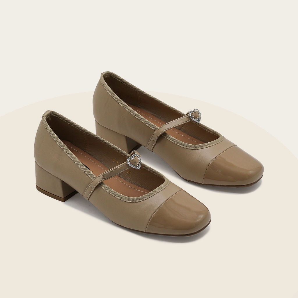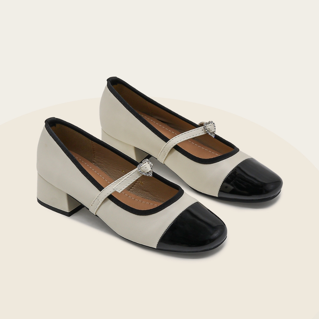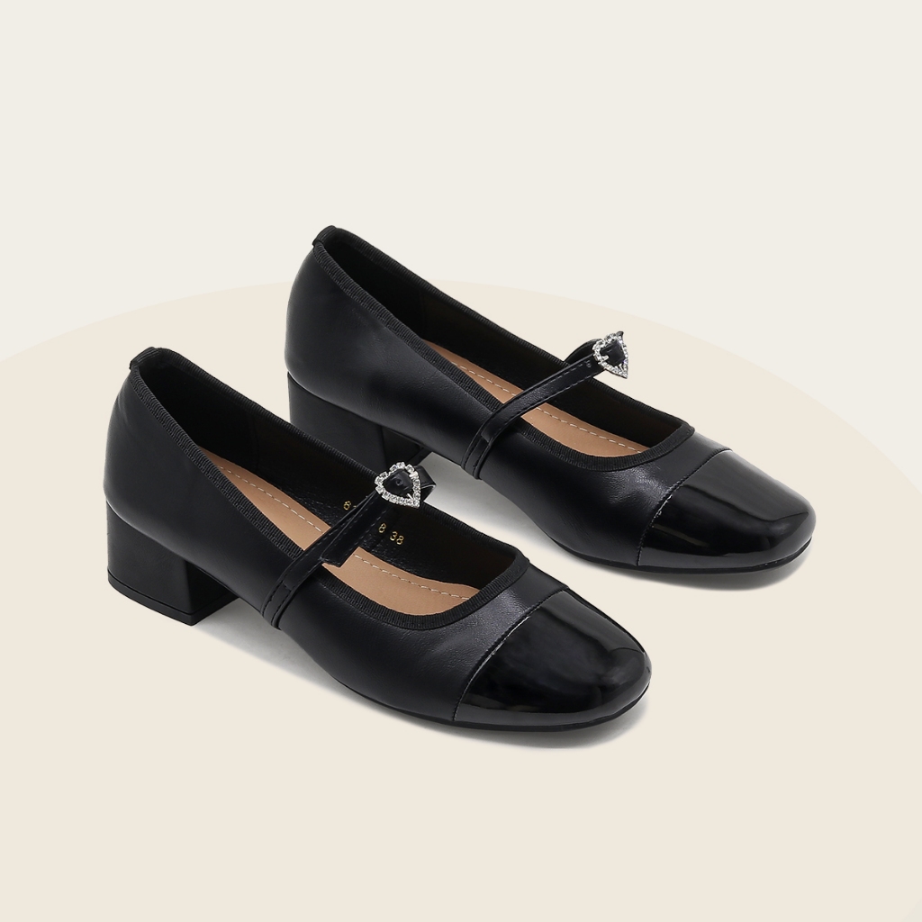 Giày búp bê nữ Mary Jane cao gót 3p quai nơ trái tim MS0006
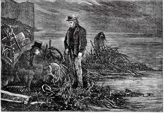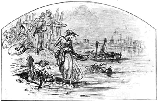 The scene sketchily suggests the river water and a piece of detritus on the shore, but focuses the reader's attention on the skeletal, wind-swept figure and haggard visage of the woman lost morally and socially in the great metropolis. Were this a Phiz composition, we would almost certainly label it a "dark plate" since it conveys effectively the atmosphere of a night scene.
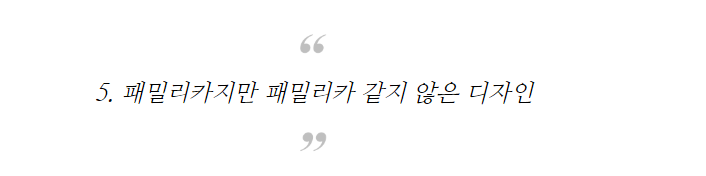 하지만 최근에 출시하는 패밀리카 모델들은 '패밀리'라는 틀에 갇히지 않고, 가족과 함께 레저를 즐기거나 라이프스타일에 녹아들 수 있도록 멋스러운 내외관 디자인을 갖춘 모델들이 나오고 있다.
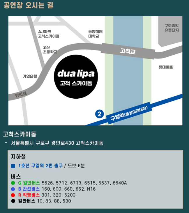 고척스카이돔은 서울 구로구에 위치한 대형 실내 공연장입니다. 대중교통을 이용하실 경우, 지하철 1호선과 7호선이 만나는 온수역에서 하차 후 도보로 10분 정도 걸립니다. 버스를 이용하실 경우, 고척동 주민센터나 고척스카이돔 앞에서 하차하시면 됩니다.
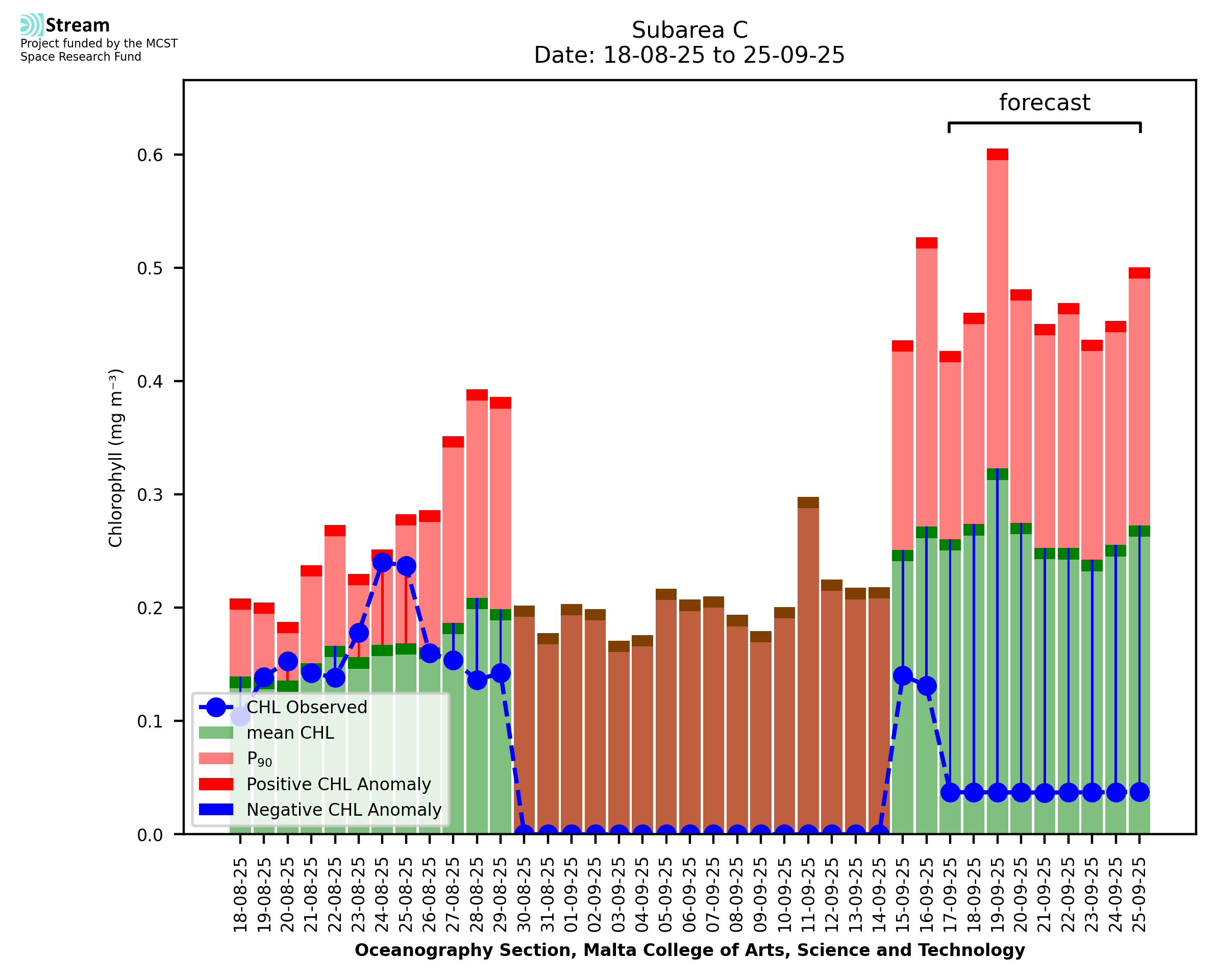 This STREAM service provides daily analysis of mass concentration of chlorophyll-a (CHL) anomalies, including spatial index maps for high chlorophyll occurrence and intensity in the Malta shelf area. User specific requests for data access and visualisation are planned for delivery on the STREAM mobile app. CHL is a core parameter in the Marine Strategy Framework Directive which provides the common framework for the assessment of the state of health of coastal seas to ensure coherence with the set goals of productive, healthy and clean European seas. CHL is considered to be a proxy of phythoplankton biomass and hence for eutrophication. Measuring chlorophyll is an indication of how much primary production is occurring in the sea.
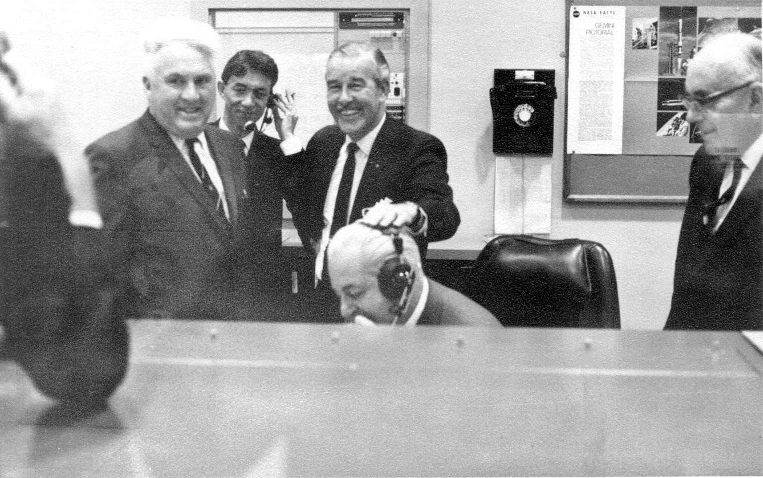 Ken holds Prime Minister Harold Holt’s headset in place as he speaks with US Vice President Hubert Humphrey at the Ops Console. From left to right: Edmond Buckley Associate Administrator for Tracking and Data Acquisition; Photo by Ron Hicks. |

- - -

Exercise description:
Beginning with the first line of the entries above, repeat each line word for word until the line with "고척스카이돔은 서울 구로구에" has been given too. Omit the pictures.

Problem solution:
 Giày búp bê nữ Mary Jane cao gót 3p quai nơ trái tim MS0006
 The scene sketchily suggests the river water and a piece of detritus on the shore, but focuses the reader's attention on the skeletal, wind-swept figure and haggard visage of the woman lost morally and socially in the great metropolis. Were this a Phiz composition, we would almost certainly label it a "dark plate" since it conveys effectively the atmosphere of a night scene.
 하지만 최근에 출시하는 패밀리카 모델들은 '패밀리'라는 틀에 갇히지 않고, 가족과 함께 레저를 즐기거나 라이프스타일에 녹아들 수 있도록 멋스러운 내외관 디자인을 갖춘 모델들이 나오고 있다.
 고척스카이돔은 서울 구로구에 위치한 대형 실내 공연장입니다. 대중교통을 이용하실 경우, 지하철 1호선과 7호선이 만나는 온수역에서 하차 후 도보로 10분 정도 걸립니다. 버스를 이용하실 경우, 고척동 주민센터나 고척스카이돔 앞에서 하차하시면 됩니다.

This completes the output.